Chapter 3 Results and discussion: Details the findings on bacterial identification, enzymatic potential, probiotic survivability, biosafety assessments, and the impact of Bacillus supplementation on fermentation characteristics and substrate digestibility.

Chapter 4. Conclusion: Summarizes that B. glycinifermentans SK4275 possesses favorable probiotic traits and cellulolytic activity, suggesting its potential as a beneficial additive for improving the utilization of elephant grass in ruminant nutrition.

Keywords

Bacillus glycinifermentans, elephant grass, in vitro fermentation, probiotics, cellulolytic enzyme activity, rumen digestibility, bacterial identification, acid tolerance, bile tolerance, biosafety, antibiotic sensitivity, ammonia-nitrogen, volatile fatty acids, NDF digestibility, ADF digestibility.

Frequently Asked Questions

What is the core subject of this thesis?

The thesis examines the potential of cellulolytic Bacillus strains, isolated from elephant grass, to act as probiotics that improve the fermentation and digestibility of ruminant feed.

What are the central thematic fields?

The research covers microbiology (isolation and identification of bacteria), probiotics, ruminant nutrition, and in vitro fermentation analysis.

What is the primary research goal?

The goal is to determine if selected Bacillus strains, specifically B. glycinifermentans SK4275, can improve the nutritional availability and fermentation efficiency of elephant grass through probiotic and cellulolytic actions.

What scientific methods were employed?

The study utilized 16S rRNA gene sequencing for identification, various microbiological assays for probiotic properties (acid, bile, and salt tolerance, antimicrobial and hemolytic activity), and standard in vitro rumen fermentation techniques (Tilley and Terry, 1963).

What topics are covered in the main section?
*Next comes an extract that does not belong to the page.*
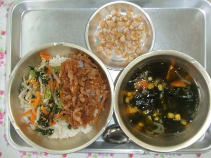今日は、韓国料理の「ビビンバ」を給食用にアレンジしました。

The main sections cover the isolation of bacteria, screening for enzyme activities (cellulase, amylase, xylanase, etc.), comprehensive safety assessments, and the measurement of fermentation characteristics like pH, gas production, volatile fatty acids, and fiber digestibility.
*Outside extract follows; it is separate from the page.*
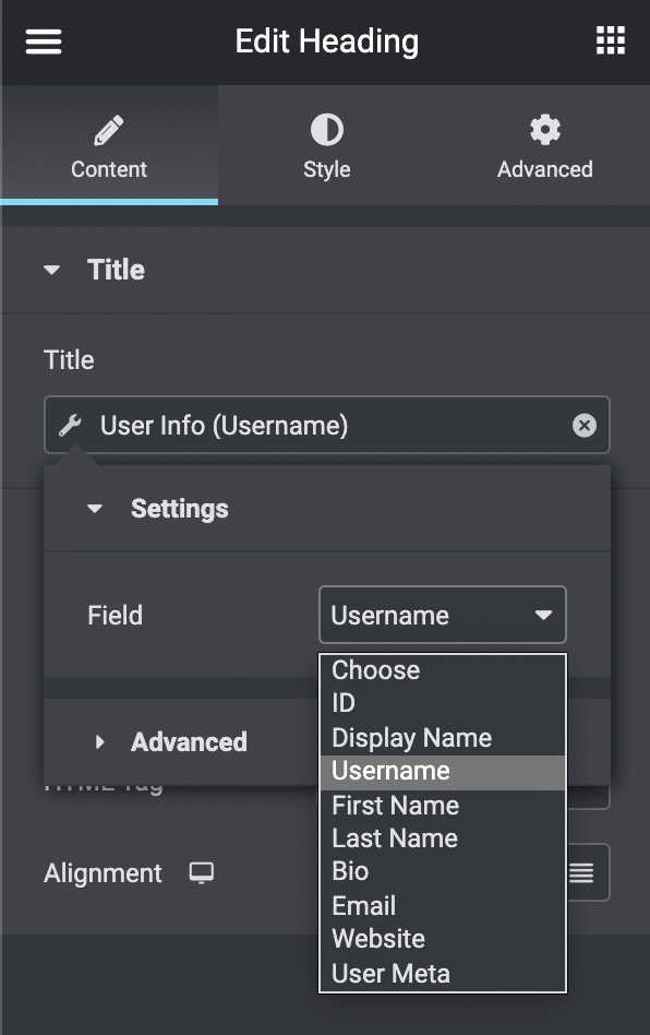 Click at the Dynamic Tags icon at the Title field of Heading widget and choose User Info

Which keywords characterize this work?

Key terms include Bacillus glycinifermentans, elephant grass, probiotics, in vitro fermentation, enzyme activity, and rumen digestibility.

How does B. glycinifermentans SK4275 impact rumen fiber digestibility?
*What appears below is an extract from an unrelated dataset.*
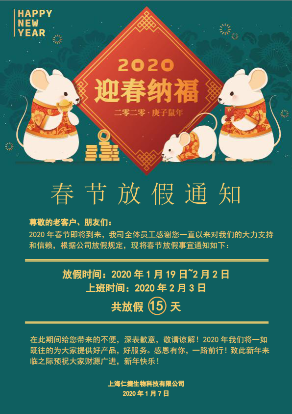 上海仁捷生物科技有限公司 公司地址:上海市楊浦區鐵嶺路32號1519-10室 郵箱:renjiebio@163.com

The study demonstrates that the addition of B. glycinifermentans SK4275 significantly increased in vitro NDF and ADF digestibility of elephant grass at 24 and 48 hours of incubation.

Why is the biosafety of these Bacillus strains important?

Assessing biosafety is critical because certain Bacillus species are pathogenic. The research verified that these strains are susceptible to most antibiotics and do not exhibit hemolytic activity, ensuring their suitability as safe probiotics.